Une seconde palissade de bois fut construite à l'est du donjon sur ce qui devint la partie haute actuelle.

À la fin du XIème siècle, un autre mur d'enceinte fut construit à l'ouest créant ainsi la forme actuelle du château. De par sa conception, Windsor ressemblait fortement au château d'Arundel, une autre fortification du début de la période normande mais la forme avec deux enceintes le rapprochait des châteaux de Rockingham et d'Alnwick.

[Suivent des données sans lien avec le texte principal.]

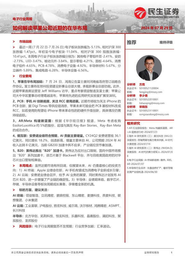 【民生证券】【20240729】20240729-民生证券-电子行业周报:如何解读苹果公司近期的在华布局-23页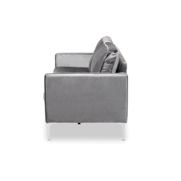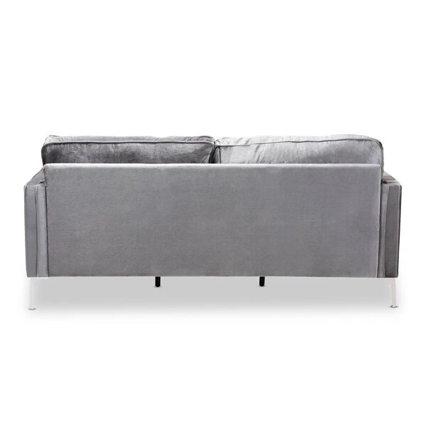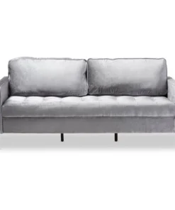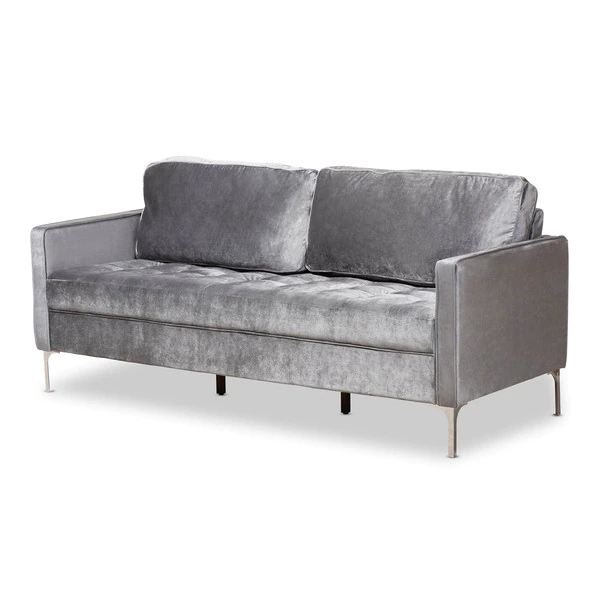 With its clean lines, metal legs and tufted design, the Clara sofa wouldn’t have looked out of place in a 1950s modernist home – and still looks fresh today. Slim arms accented with a piping trim showcase a modern look, while deep seat cushions and high back cushions provide a comfortable seating experience. Constructed from solid rubberwood and MDF wood, the Clara is built to last. Grey velvet fabric upholstery is soft to the touch and easy to coordinate with any color palette. The Clara sofa requires assembly.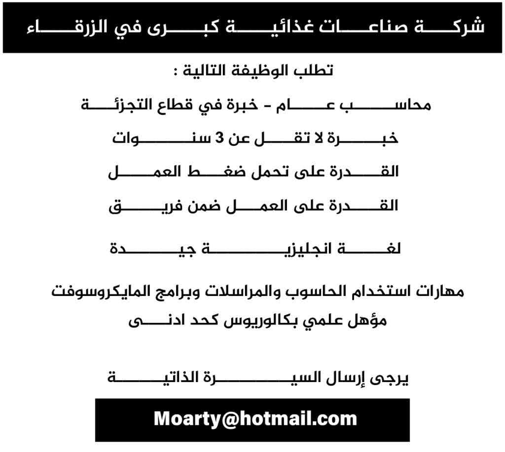 شركة صناعات غذائية في الزرقاء تبحث توظيف محاسب عام واحة الوظائف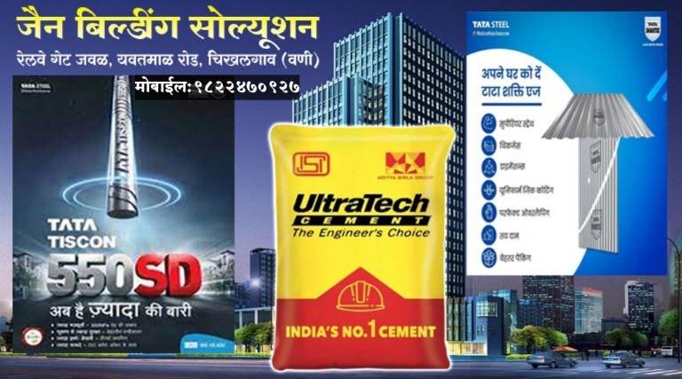 घर बांधकामासाठी उच्च प्रतीचे सिमेंट, लोखंडी सळई व टिनपत्रे मिळण्यासाठी वणी तालुक्यात जैन बिल्डींग सोल्युशन हा एक विश्वसनीय प्रतिष्ठान आहे. यवतमाळ मार्गावर चिखलगाव रेल्वे गेटजवळ स्थित जैन बिल्डींग सोल्युशनमध्ये TATA TISCON गंजप्रूफ लोखंडी सळई, TATA SHAKTI टिनपत्रे, अल्ट्राटेक सिमेंटसह कंपाउंड जाळी, फेंसिंग वायर, स्क्वेअर पाईप होलसेल दरात उपलब्ध आहे.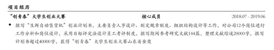 比如上面优秀简历案例中提到的这条创业大赛经历: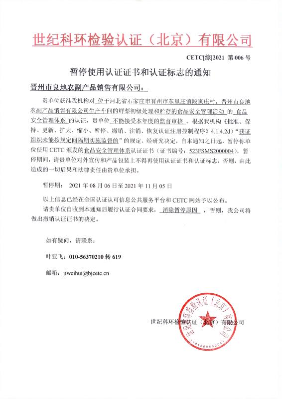 暫停使用認(rèn)證證書和認(rèn)證標(biāo)志的通知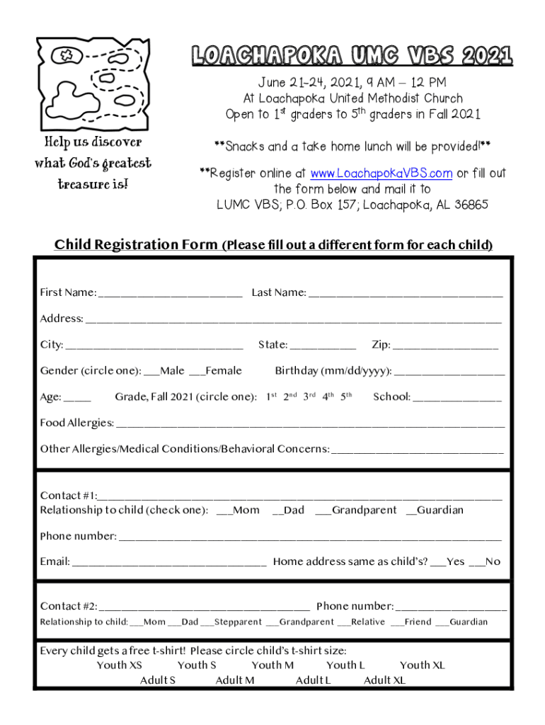 LOACHAPOKA UMC VBS 2021 June 2124, 2021, 9 AM 12 PM At Loachapoka United Methodist Church Open to 1st graders to 5th graders in Fall 2021 Help us discover what Gods greatest treasure is!**Snacks and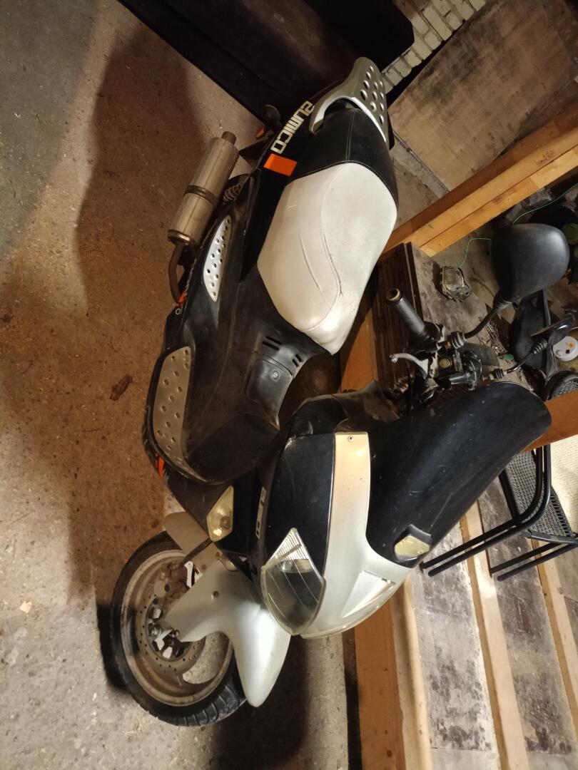 Skuter Zumico Aion 50 poj. 2t. Sprawny, stal kilka lat, odpala Bez problemu. Do wyregulowania gaźnik, zmienić żarówkę od kierunku. 900 do negocjacji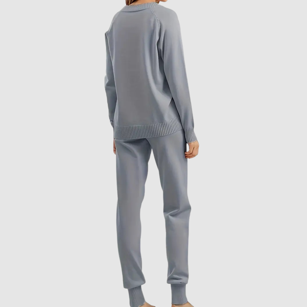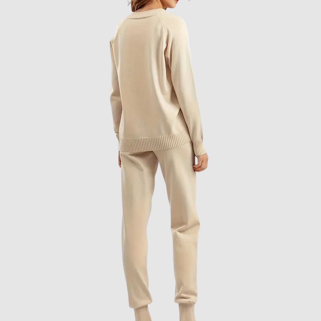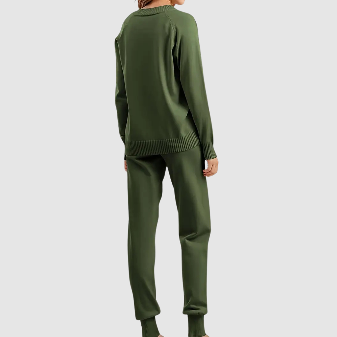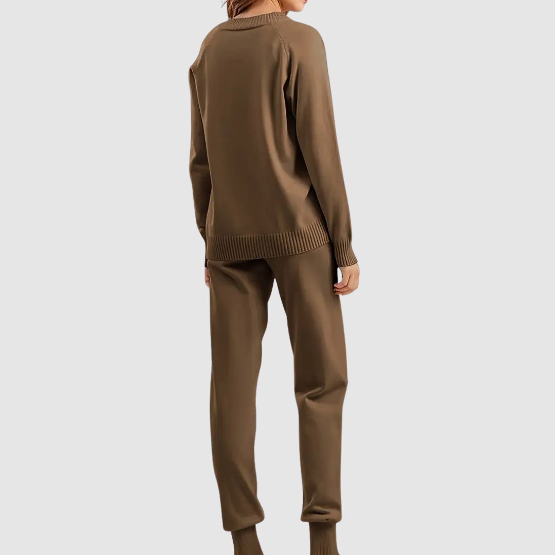 Tento komplet spojuje pohodlí a styl v jednom – svetr s výstřihem do V a volné kalhoty s elastickým pasem tvoří dokonalou kombinaci pro domácí pohodu i ležérní každodenní outfit. Je navržen tak, aby poskytoval maximální komfort bez kompromisu na eleganci.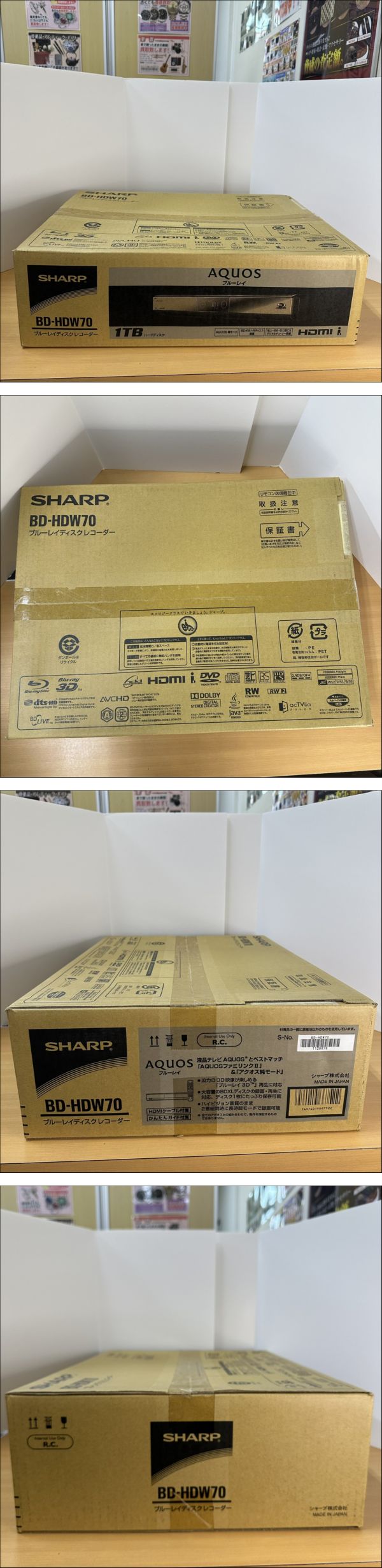 | ☆★☆★☆ご入札前に【ご利用規約】を必ずお読み下さい☆★☆★☆★ 【未使用品】シャープ ダブルチューナー 1TB HDD内蔵ブルーレイディスクレコーダー BD-HDW70【未開封品】 【状態】【未使用品】長期保管品の未開封品です。 長期保管品の為、箱に少々ダメージがあります。 詳しくは、添付写真にてよくご確認いただきご検討ください。 ノークレーム・ノーリターンでのご入札をお願いいたします。 お品物の状態に関する主観や外観の 感じ方には個人差がございますことをご理解いただける方、 また画像でよくご確認の上、ご入札をお願い致します。 画像がすべてとなりますので、よくご覧頂きご納得いただける方のみ入札をお願い致します。 ※ノークレーム、ノーリターンでお願いします。 ★☆★☆★☆ご入札前に【ご利用規約】を必ずお読み下さい☆★☆★☆★☆★ | ||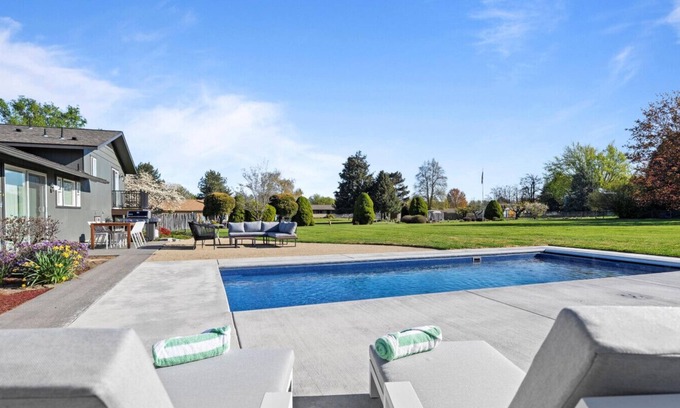 Welcome to Cabernet Compound! Our new 14` x 30` pool and sauna are open for all to enjoy! Prepare to experience a plethora of space for entertainment and activities in the sprawling and sun drenched yard on the Southern Side of Walla Walla Wine Country. You’ll arrive to a manicured yard, brand new swimming pool and sauna. Enter on the main level to the bright spacious living room that is the hub of the home.

Depuis le règne d'Henri Ier d'Angleterre, le château a été utilisé par de nombreux monarques et est le plus ancien palais habité sans interruption en Europe.

Le style raffiné des appartements d'État construits au début du XIXème siècle a été qualifié par l'historien d'art Hugh Roberts comme une « magnifique série de salles sans égales largement considérées comme l'expression la plus élégante et la plus complète de l'art géorgien ».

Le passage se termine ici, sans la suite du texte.